Should the listing contain images, exclude them; give the rest again exactly.

- [SUPPLIED MATERIAL]

#####

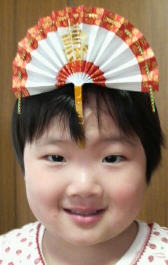 市販の鏡餅を飾っていたのだが、その鏡餅のオプションで付いていた「田吾作(飾りの扇のやつね)」を、ふざけて私はジュニアのおでこに付けてやった!
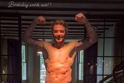 تعرض فيكتوريا بيكهام اللياقة البدنية المذهلة لزوجها ديفيد وهو يستعرض عضلاته مازحا خلال تمرين عيد ميلاده التاسع والأربعين
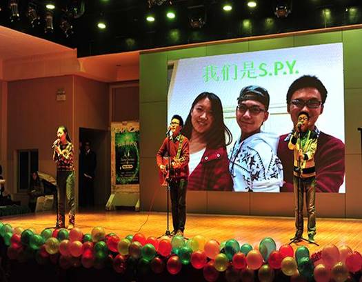 本次联欢会流行与古典兼收,温情与火热并举,形式多样,精彩纷呈。备受瞩目的SPY组合带来的歌曲《南山南》赢得了观众热烈的掌声,“吉他王子”梁亚杰深情的吉他弹奏,伴着12级董传旭与13级吴梓萱的深情对唱,征服了在场的所有观众。歌曲串烧《海阔天空》《lady marmalade》、《第一天》等轮番上场,或铿锵有力,或激情火热,或活泼动感,风格各异,变幻多姿。

#####

- [FINAL ANSWER]
 市販の鏡餅を飾っていたのだが、その鏡餅のオプションで付いていた「田吾作(飾りの扇のやつね)」を、ふざけて私はジュニアのおでこに付けてやった!
 تعرض فيكتوريا بيكهام اللياقة البدنية المذهلة لزوجها ديفيد وهو يستعرض عضلاته مازحا خلال تمرين عيد ميلاده التاسع والأربعين
 本次联欢会流行与古典兼收,温情与火热并举,形式多样,精彩纷呈。备受瞩目的SPY组合带来的歌曲《南山南》赢得了观众热烈的掌声,“吉他王子”梁亚杰深情的吉他弹奏,伴着12级董传旭与13级吴梓萱的深情对唱,征服了在场的所有观众。歌曲串烧《海阔天空》《lady marmalade》、《第一天》等轮番上场,或铿锵有力,或激情火热,或活泼动感,风格各异,变幻多姿。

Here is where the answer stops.